The wrong body is envisioned as a state in which gender body and gender identity do not match; hence a disparity between body (materiality) and self (subjectivity) is embodied in the narrative, entertaining dichotomous disjunctions such as the body and its expression, the body and its perception, the body and surrounding gender norms, and sex and gender, which implicitly places sex with (material) genitalia and gender with its (social) expression. The underlying assumption lies with the gender binary imaginary, which is upheld by the elasticity of gender categories — that is, the tendency to understand gender expression as male or female by exclusionary interpretation, equalizing nonmale with female and vice versa (Halberstam 1998: 20, 27) — and by the pretense-reality dichotomy, interpreting transgender expression as pretense and genital status as reality, hence denying first-person authority to transgender identity experience (Bettcher 2009). Conceptualizing wrong body in this way involves making a distinction between materiality (the body) and subjectivity (the self ), implying that these are separable things rather than being inherently inseparable. This in turn leads to other ways of speaking and thinking that reproduce this disjunctive dichotomy, such as “the body and its expressions and perceptions,” or “the body and its surrounding gender norms.” This dichotomy structures the very distinction we typically make between sex and gender, which implicitly places sex (genitalia) on the side of material reality and gender (identity or expression) on the side of immateriality and, potentially, unreality — or worse, pretense, deception, or error. This framework ultimately denies first-person authority to the experience of transgender identity. (Bettcher 2009).
Phenomenology offers another explanation of trans body experience that builds from overlapping understandings of self, body, sex, and gender. One phenomenological way of reading the wrong-body narrative is through the concept of “the lived body”: “a unified idea of a physical body acting and experiencing in a specific sociocultural context; it is body-in-situation” (Young 2005: 16). The emphasis on body-in-situation underlines the situatedness of a wrong-body experience, hence opposing a permanently fixed understanding, relating the wrongness to situations of misreadings. Gayle Salamon's concept, “a felt sense of a body” (2010: 2), emphasizes the impact that cultural interpretations have for the meaning of a specific bodily sensation. Materiality and discursivity, hence, are reciprocally dependent on each other's interpretative forces to make meaning. Neither exists outside the others' meaning (ibid.: 40). Embodiment is understood through an intertwining of subjectivity, materiality, and discursivity.
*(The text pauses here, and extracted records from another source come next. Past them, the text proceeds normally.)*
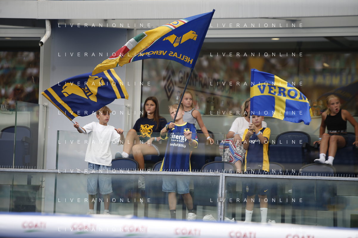Hellas Verona fans during Hellas Verona FC vs SSC Napoli, 1° Serie A EniLive 2024-25 game at Marcantonio Bentegodi Stadium in Verona (VR), Italy, on August 18, 2024. (Photo by Davide Casentini)/AGENZIA ALDO LIVERANI SAS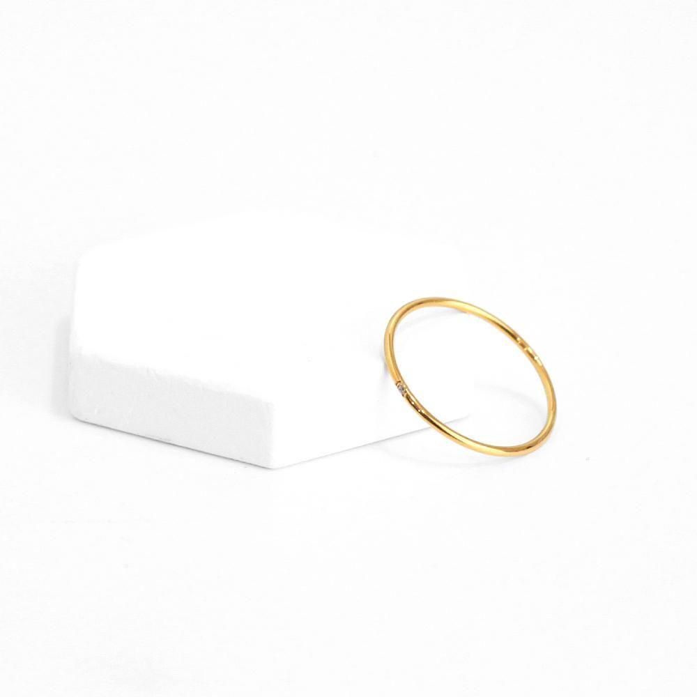 細身のラインに小粒のジルコニアをあしらった繊細なリング。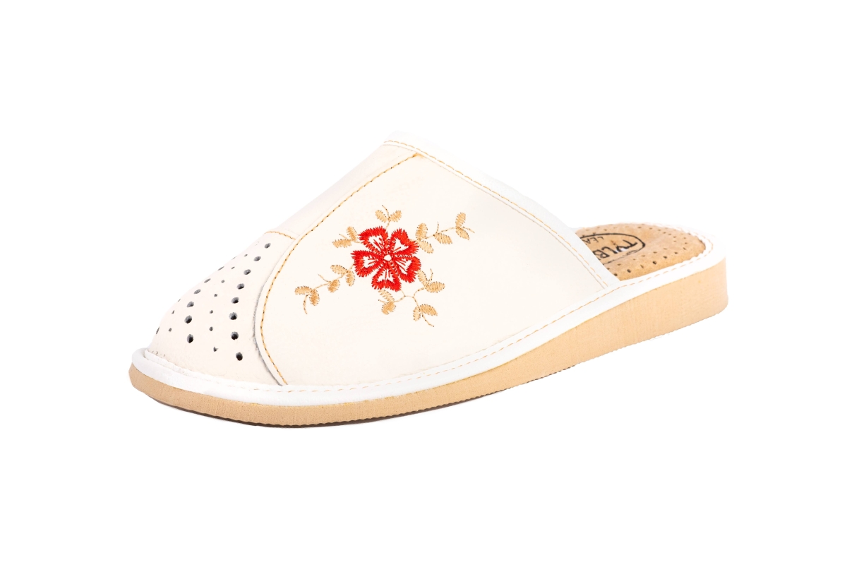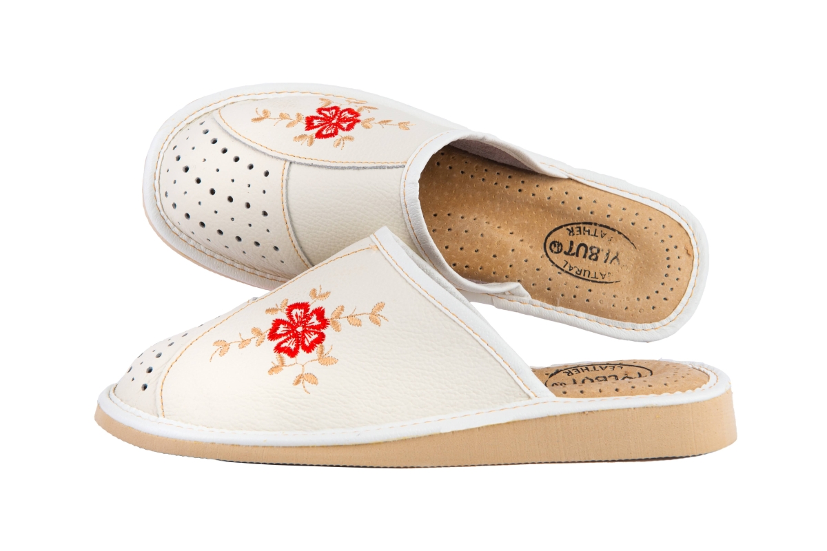 Zakryte haftowane pantofle damskie - to stylowa propozycja dla Pań, które szukają alternatywy dla syntetycznych materiałów. Miękka skóra – klapki damskie wykonane są ze 100 % wysokogatunkowej skóry naturalnej.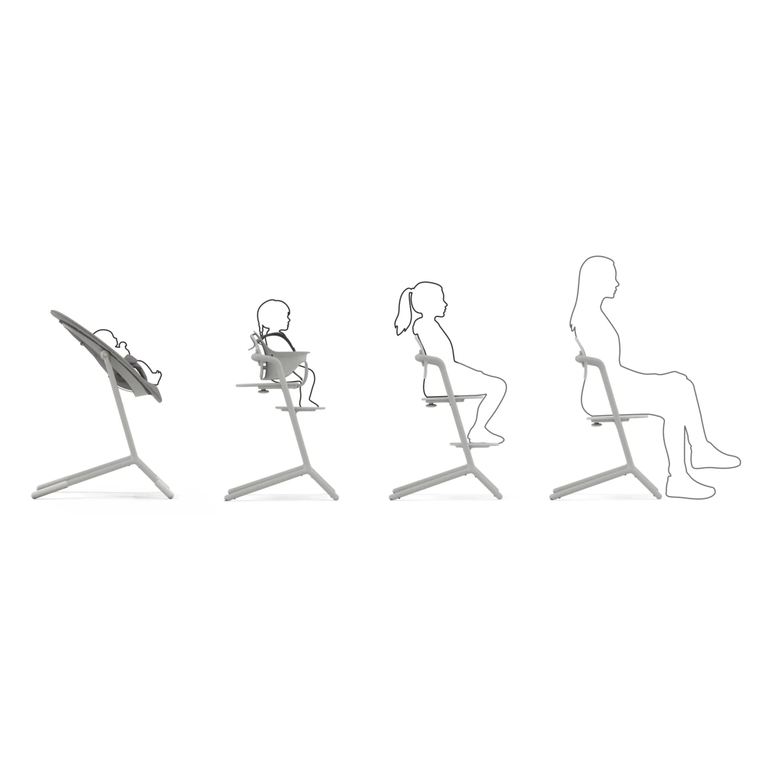 La chaise haute Cybex Lemo offre de multiples configurations qui grandissent avec votre bébé et s’intègrent parfaitement à votre style de vie. Utilisez simplement les accessoires adaptés à l’âge de votre enfant et la chaise haute Lemo peut être utilisée dès la naissance et bien au-delà.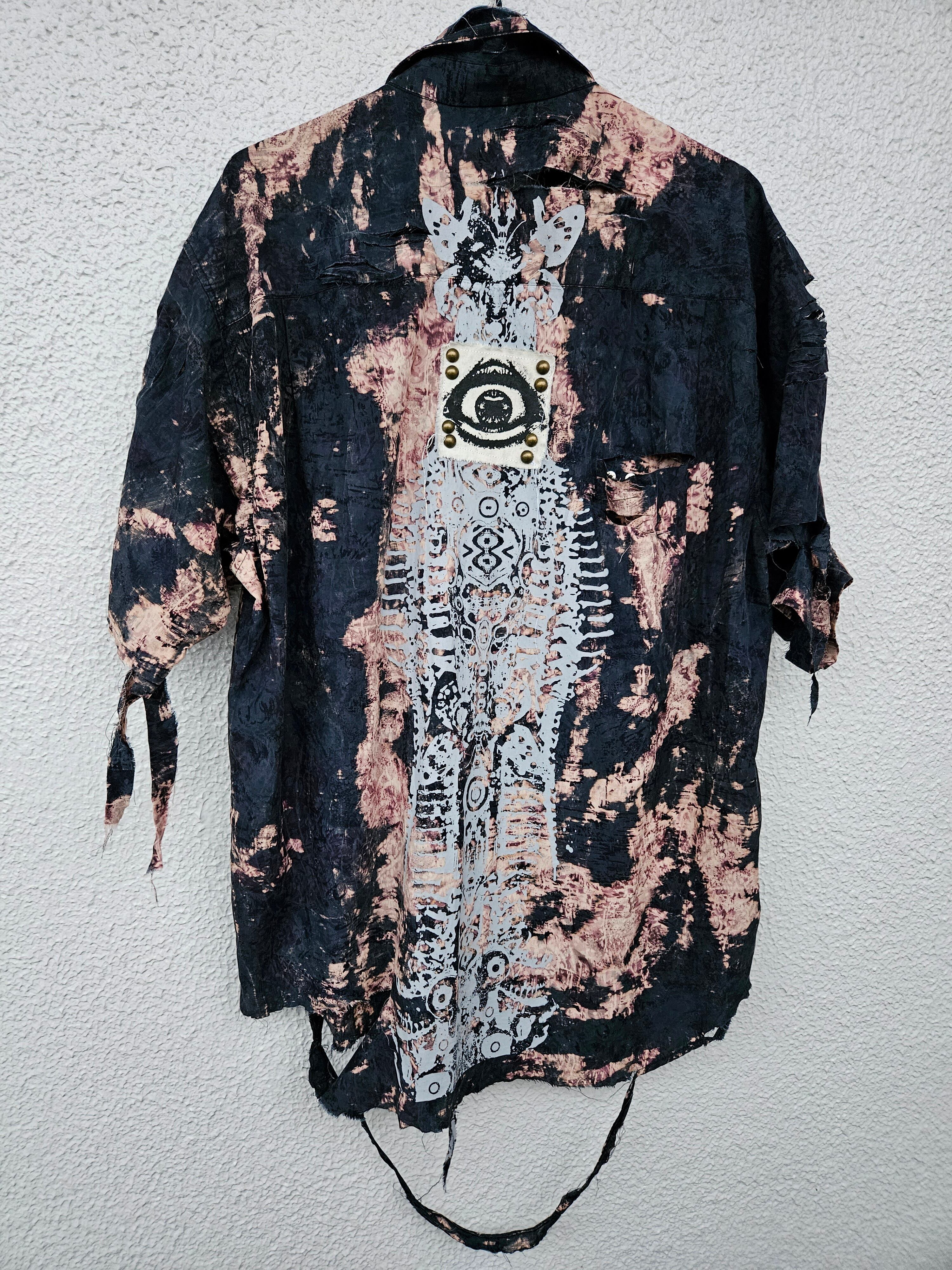 I painstakingly sew it, burn it, tear it, and make it dirty.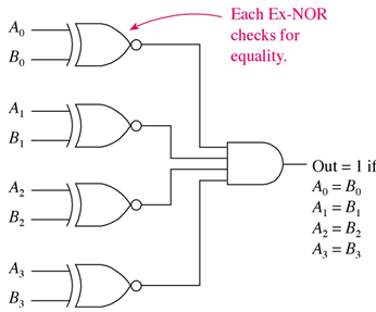 - The Exclusive-NOR (Equality gate) is used to perform the comparison.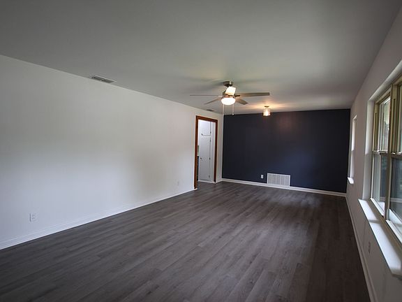 Enjoy two separate living spaces, one with a cozy brick fireplace, offering plenty of room to relax or entertain guests. The home features luxury vinyl plank flooring, updated lighting, and plumbing fixtures. Additionally, there are ceiling fans and a neutral color scheme throughout, as well as lots of natural light.

Wrong body as lived body expresses the situatedness of trans body experience as wrong, hence relativizing it. Wrong body as trans embodiment expresses subjectively felt bodily meaning interacting with cultural interpretations of bodies, where the subjective and the cultural are not always congruent. This way the gender binary is replaced with gender variance as a frame for understanding gender, offering a more fluid understanding of the trans body.